6. Multiple inserts/updates
Occasionally, you will run into CSV imports that necessitate multiple inserts or complex updates where the above methods will not help performance. In these situations, you will find things can take minutes to hours depending on the size of a migration. As with the previous example, our best bet in these positions is to reduce the raw number of database interactions.
So how do we reduce it? The following looks about as simple as we can get
csv = CSV.open( './users.csv' )
csv.each_line do |user_row|
User.create( ... )
end
But it turns out it isn't. Each create()
call will not only be building a Rails User
object, which takes time, but will also do its own save()
, which takes more time. If you also made the mistake of using validators on your User
model, expect an automated uniqueness query before each save, wasting more time still.
Instead, we can bypass all of this by building our own raw SQL statements and joining them for execution:
inserts = []
csv = CSV.open( './users.csv' )
csv.each_line do |user_row|
# Compile a list of INSERT statements...
inserts << "INSERT INTO users ( ... ) VALUES ( ... )"
if inserts.length > 100
# and insert them in batches (batch size is frankly arbitrary)
User.connection.execute( inserts.join(';') )
inserts = []
end
end
# Insert any remaining from the final batch
User.connection.execute( inserts.join(';') )

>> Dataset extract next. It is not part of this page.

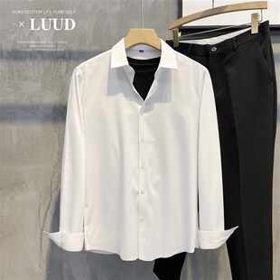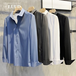 商务职业寸衣免烫抗皱长袖 英伦风男士 衬衣 无痕工艺压边衬衫 LUUD

While this looks a bit uglier, the time savings we get from skipping all the work mentioned above can cause this method to run 10+ times faster than a more traditional loop with create()
statements.
Keep learning
While the most glaring issue in Rails developers is database understanding, there are course others. If you have worked in only a single framework, Rails or otherwise, i urge you to try your hand at others. Different frameworks abstract different things and swapping will highlight blindspots in your understanding.
Also, many frameworks take entirely different philosophical approaches to the web development problem. This perspective shift is excellent for expanding your web development knowledge. If you are new to web development and are still leaning your way in the Rails world, remember to stay curious. Try Sinatra, a lightweight Ruby framework that exposes a lot of pieces that Rails abstracts from you.
My grandfather says that "learning is the discovery of our own ignorance". For Rails developers, the abstractions hide complexities almost too well. You simply can't know what they haven't seen. Consider this a starting point.